Virgin-Americans, United

The Democrats have really awakened a sleeping giant (so to speak) with the energy bill:

In order to secure the votes of wavering Democrats, House leaders Nancy Pelosi and Henry Waxman inserted several last minute amendments to the legislation, including provisions for national oxygen rationing, witch burnings, dousings, and phrenology research. But the one that has seemingly stoked a grassroots backlash is the controversial Sexually Inexperienced Citizen Environmental Volunteer Amendment. The wording of the amendment calls for all American virgins over the age of 21 to register with the Selective Sacrifice Board, for possible use as victims in nationally televised vivisections intended to “supplicate the Earth-Spirits.”
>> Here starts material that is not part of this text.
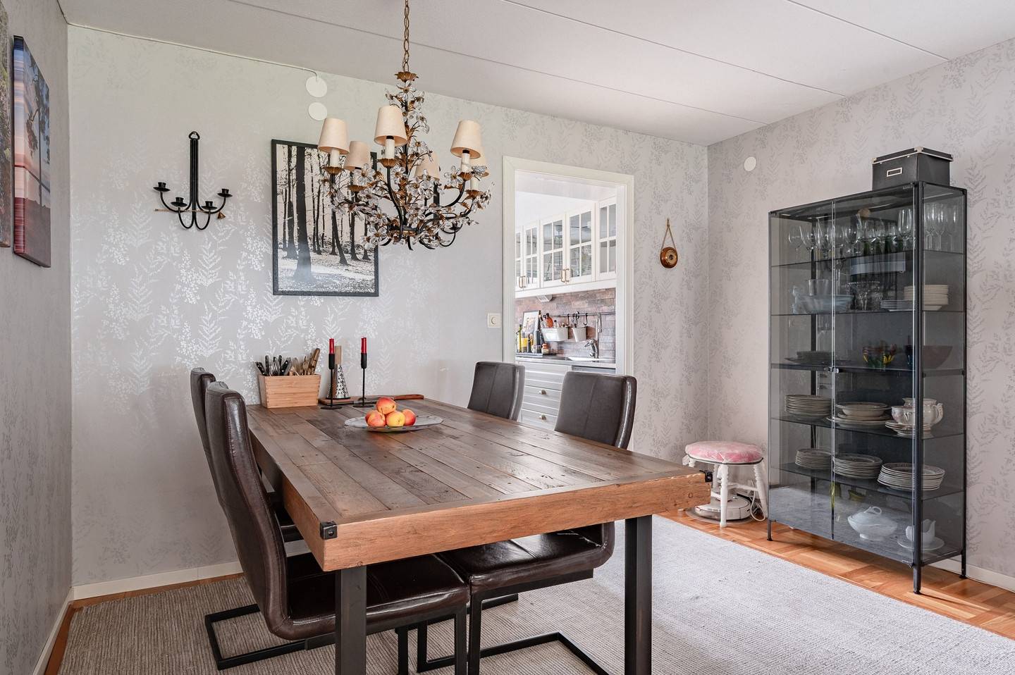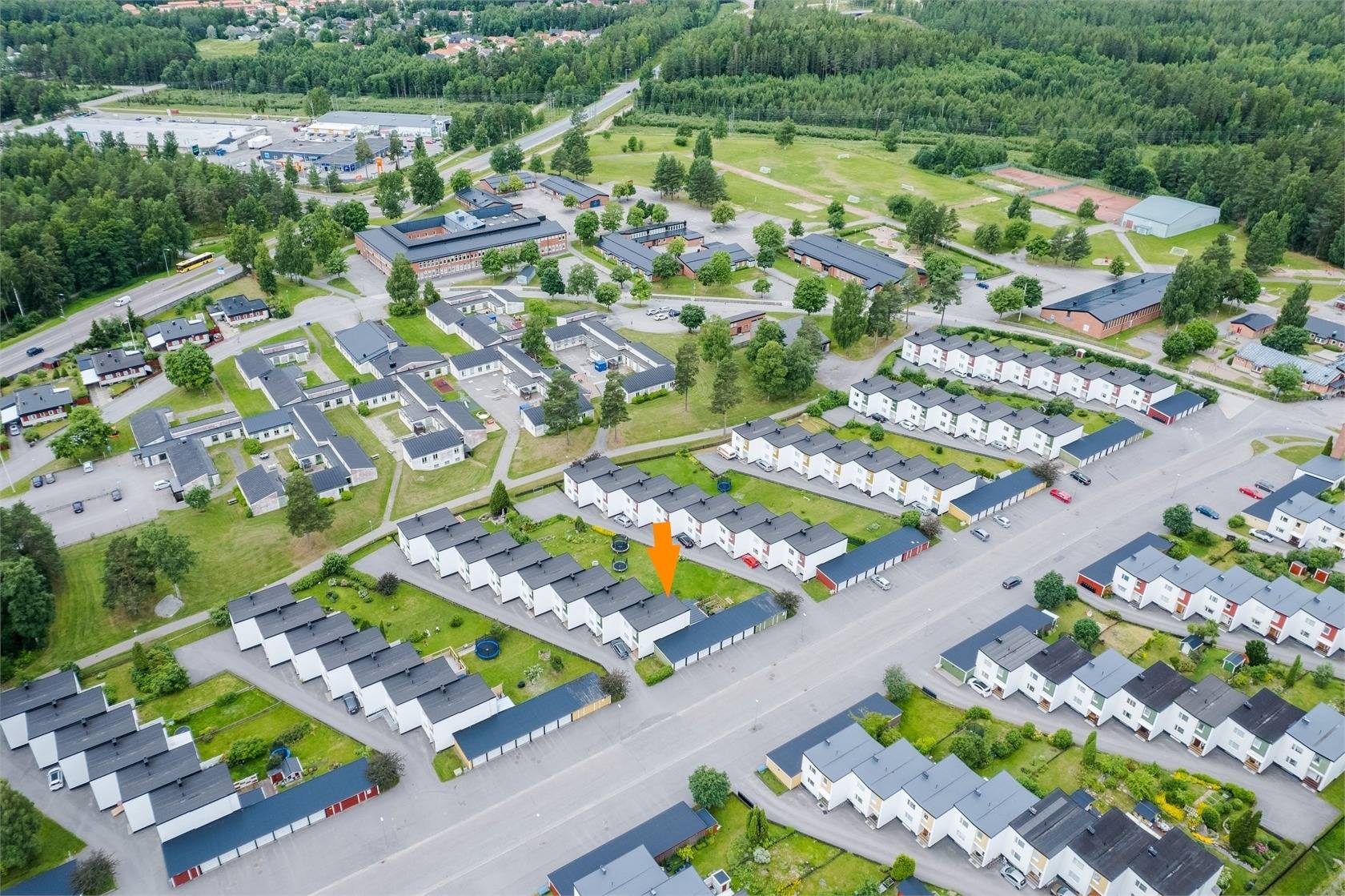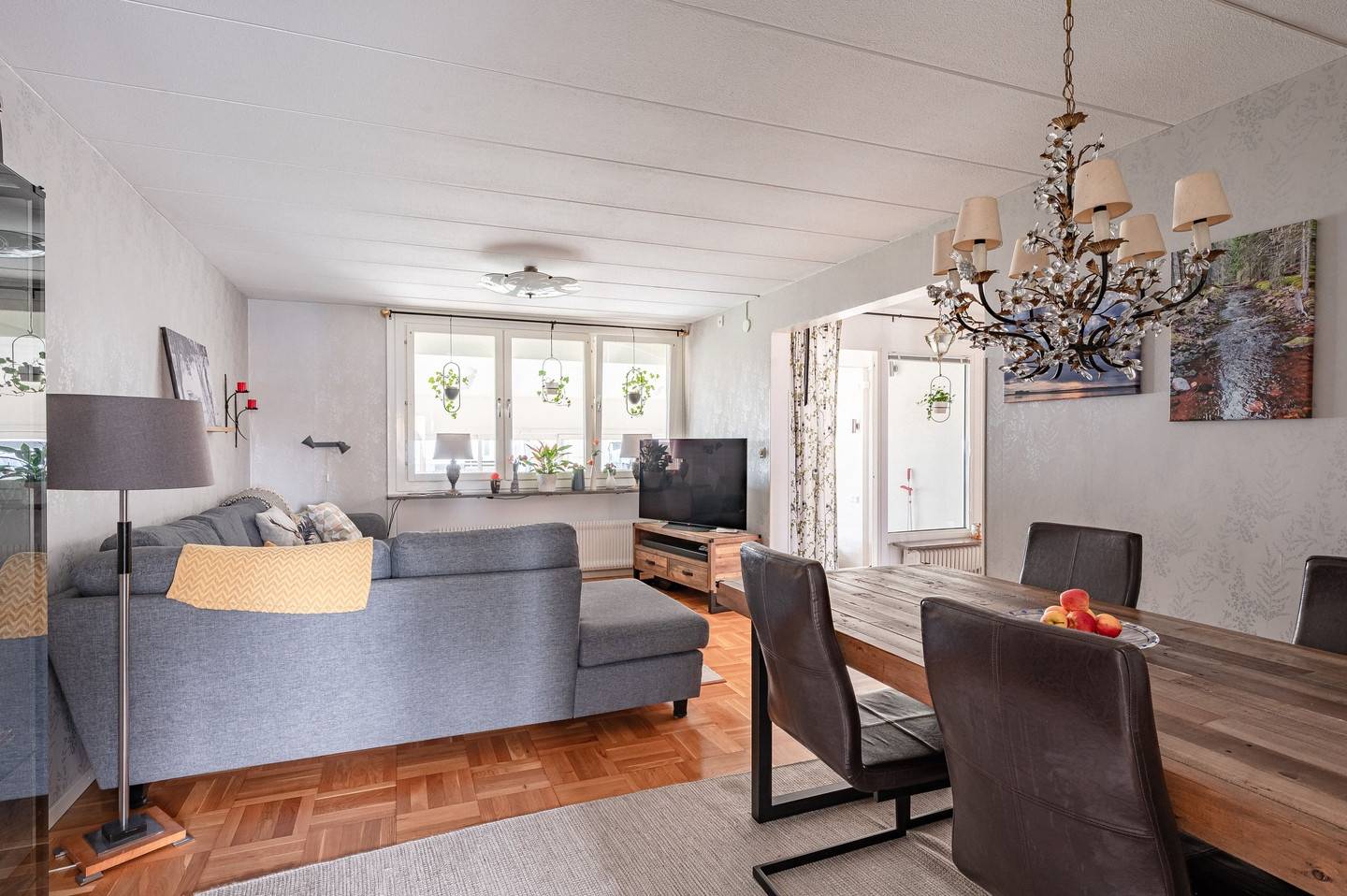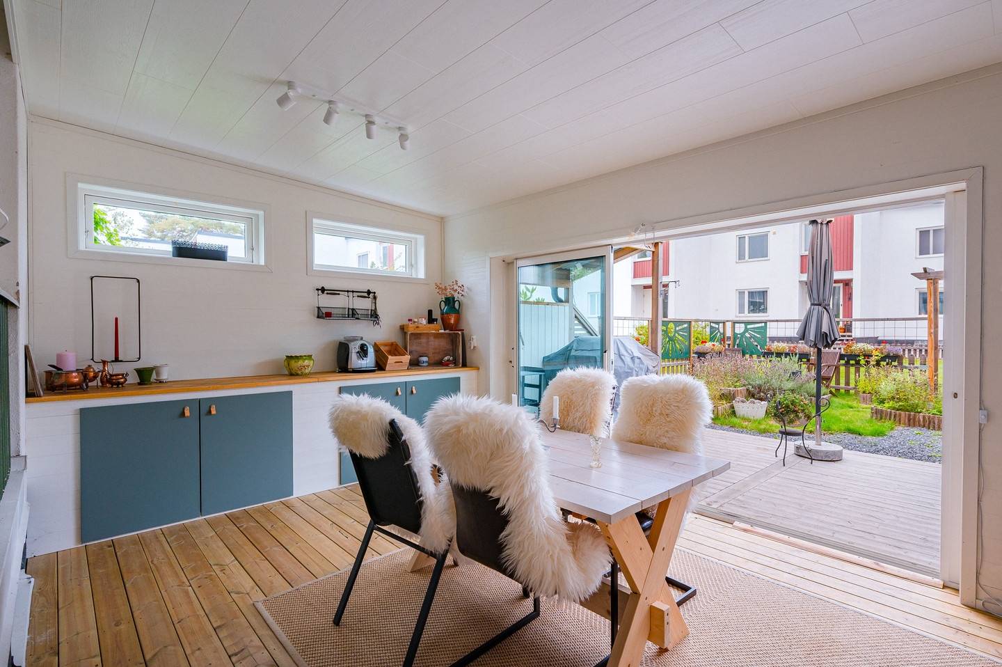 Välkommen till ett smakfullt och genomgående renoverat radhus i bostadsrättsform – ett hem där varje detalj är noga utvald för att skapa både funktion och trivsel. Här bor du med ett attraktivt gavelläge, i ett boende som erbjuder generösa ytor för hela familjen, fördelat på två plan samt källare. Redan vid första steget in möts du av ett ljust och luftigt hem där det moderna köket verkligen sticker ut. Köket är renoverat i en ljus lantlig stil med gedigna materialval såsom rostfri diskbänk, ekbänkskiva och ett charmigt tegelstänkskydd. Fullt utrustat med stor kyl och frys, diskmaskin, spis och fläkt – här finns allt för den matlagningsintresserade. Entréplanet rymmer även en gäst-wc, hall och ett rymligt vardagsrum med utgång till bostadens pärla – ett inglasat uterum i toppskick. Här kan du njuta av utemiljön större delen av året. Från uterummet når du ett soligt trädäck i västerläge samt en takad grillplats – perfekt för sociala tillställningar och sköna sommarkvällar. På övre plan finns tre välplanerade sovrum, en rymlig klädkammare samt ett stilrent helkaklat badrum med golvvärme, handdukstork och gott om förvaring. Källaren erbjuder ytterligare ytor med en fräsch tvättstuga utrustad med tvättmaskin, torktumlare och badkar, samt flera garderober. Här finns även en mysig gillestuga och gott om förrådsutrymmen. Bostaden är belägen i en HSB-ansluten bostadsrättsförening där bland annat värme, bredband och egen garageplats ingår i månadsavgiften. Här bor du med närhet till det mesta som skola, matbutiker, centrum och fina promenadstråk. Detta är ett hem som verkligen måste upplevas på plats. Välkommen att kontakta Helena Örnefeldt för mer information eller för att anmäla ditt intresse!46 images

Reaction, in some quarters, was swift and harsh. Robert ‘Shadowfyre’ Jardocki of the Wizard and Warlocks Guild called it “an affront to all Virtual America, from Second Life to World of Warcraft,” and vowed his group would cast the “most powerful lobbying spell the country has ever seen.” Denise ‘Lady Gwynnethynn’ Kelly of the American Society of Renaissance Faire Royalty decried it as “a unconstitutional attack on our members and their ladies in-waiting.” The National Association of Space Fantasists made an impassioned “call to light sabers,” while the Brotherhood of Sports Bar Regulars vowed a “million replica jersey march” on Washington to stop its passage. Other groups uniting to oppose the bill include MENSA, the Society for the Identification of Motion Picture Continuity Problems, and the American Association of Anonymous Comment Thread Trolls.

“Congress and the Administration really stirred up a hornet’s nest of virgins with this bill,” said longtime Washington-watcher Michael Barone. “The response really caught them flat-footed. I don’t think they realized just how adept the virgin community is at computers, and how much time they have between ComiCons or SpaceCons or whatever-cons. Instead of calling into sports radio shows, now they’re calling the capitol switchboard.”

Who knows how many other easter eggs like this are in the bill? No one knows, because we’re not allowed to read it.